Pi 4 running Home Assistant.
A second one sitting in a box meant to be the first of a cluster, until they disapeared
Home Assistant setup, along with media hosting for a hard drive full of all my music and movies.
Acronyms, initialisms, abbreviations, contractions, and other phrases which expand to something larger, that I've seen in this thread:
Fewer Letters | More Letters |
---|---|
DNS | Domain Name Service/System |
HA | Home Assistant automation software |
~ | High Availability |
HTTP | Hypertext Transfer Protocol, the Web |
IP | Internet Protocol |
MQTT | Message Queue Telemetry Transport point-to-point networking |
NAS | Network-Attached Storage |
NUC | Next Unit of Computing brand of Intel small computers |
PiHole | Network-wide ad-blocker (DNS sinkhole) |
Plex | Brand of media server package |
RPi | Raspberry Pi brand of SBC |
SATA | Serial AT Attachment interface for mass storage |
SBC | Single-Board Computer |
SSD | Solid State Drive mass storage |
SSH | Secure Shell for remote terminal access |
VNC | Virtual Network Computing for remote desktop access |
VPN | Virtual Private Network |
VPS | Virtual Private Server (opposed to shared hosting) |
Zigbee | Wireless mesh network for low-power devices |
nginx | Popular HTTP server |
[Thread #170 for this sub, first seen 27th Sep 2023, 16:05] [FAQ] [Full list] [Contact] [Source code]
I used a pi 3 to host a Foundry server (TTRPG software).
I use Docker to simplify things, since I run two instances of it. Simple port forwarding setup within the docker container. the main reason I used a pi instead of my computer is so my players could access their dnd stuff all the time.
I stopped because I switched ISPs and they won't let me port-forward.

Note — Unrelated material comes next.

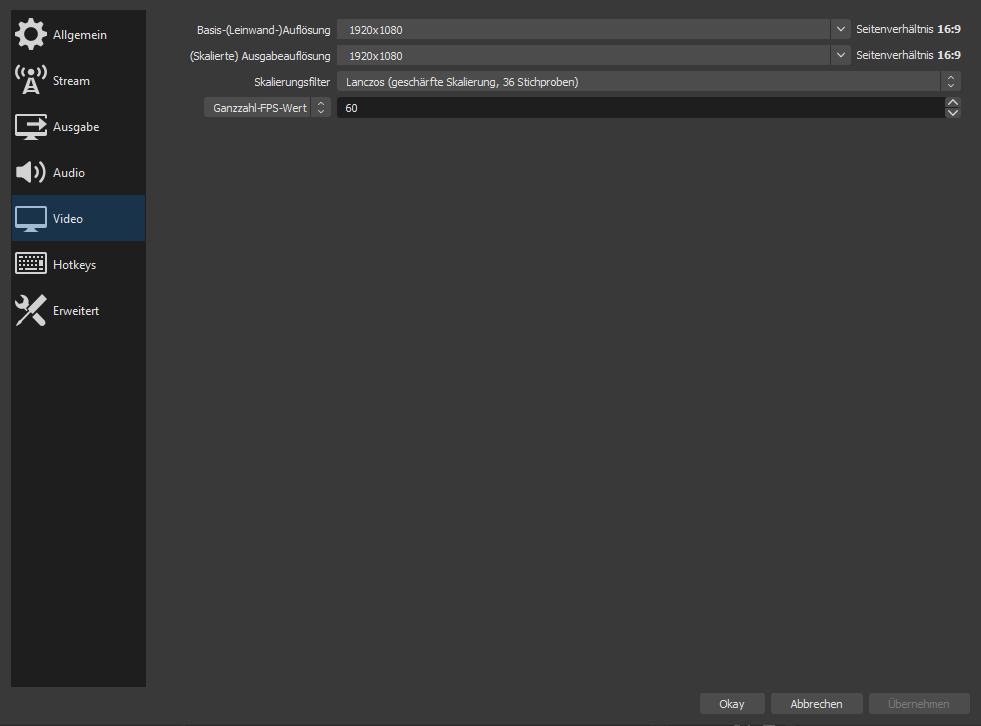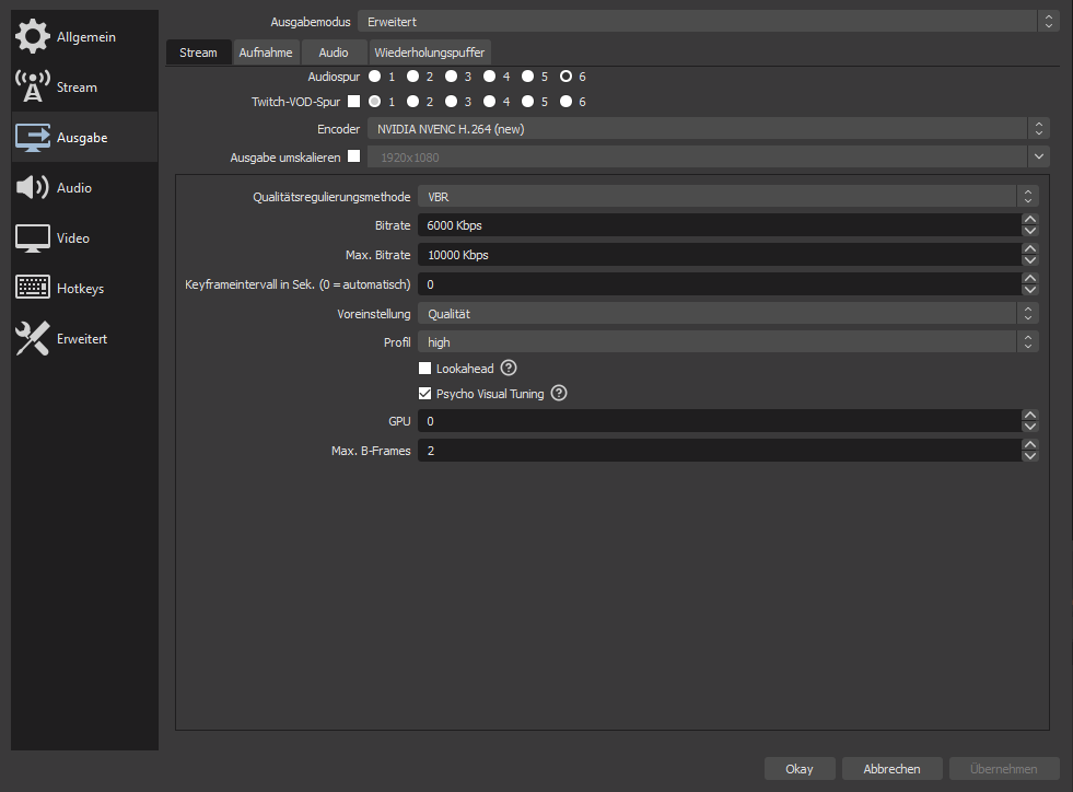 Ich streame auf 1080p mit 60 fps, habe die Bitrate auf 6.000 bis 10.000 (250k Leitung mit 30k Upload).

My vpn supports it but the latency isn't ideal. I host the same thing through a cheap server now.
Incase you wanna go back to port forwarding, you could try ipv6! Just gotta make sure all your party members computers have ipv6 enabled
I'm only using Pi 4 hardware:
- OpenWrt gigabit routers with SQM, multiple locations
- Home Assistant Yellow
- NAS with RAID1 (mirror), deprecated
use it for home assistant. I'm astonished because my test install from years ago on a pi that's around 7 years old is going with no intervention aside from updates. it's crazy robust.
for a while my laptop was slow and I needed a test local environment rebuilding with webpack so I set up a newer pi that ran the Dev servers so my laptop didn't choke. I've got a better laptop now.
I use a pi 3 to host backups from my main server via restic. I also have a pi 4 that I use as a VPN server
I only have one that's hooked up to my 3D printer for Octoprint. I'd like to set up another one as a SDR, but I leave my app hosting to more powerful machines.
Using a Pi3b to run AdGuard Home and a TailScale subnet router.
I've got another Pi3b running Octoprint/Klipper for a 3d printer, but I'm currently migrating that to Mainsail running on an old SFF PC so I can run multiple printers with Klipper off the same PC.
The rest of my stack is on an actual server running UnRaid with like 50tb raw storage.
I will say that TailScale has been annoying asf with their subnet router setup not actually forcing the correct DNS for AdGuard Home so I can have ad-blocking while away from home. I had to move back to a pure Wireguard setup directly on my router for DNS to work properly.
I have a 2 running teamspeak for gaming with my wife (separate rooms and don't want to yell) and pihole. And a 3 hooked to a 3d printer running octoprint.
Yes, a Pi 4 with 2GB RAM. It is running Navidrome (music server) with my music collection on a 2TB SSD connected to it. Works great.
The energy consumption at around 3-4 W, pretty neat!
One for home assistant, one for very basic network services (dns, auth, dhcp) that I want up all the time even if I have to shut down the router+firewall. If I have to upgrade the firewall box I don't want to be unable to print, or use smart home stuff.
I have Home Assistant on one and Kodi (Libreelec) on another
K3's cluster, Gitlab, Ghost, Nextcloud, Elastic stack, and some other stuff.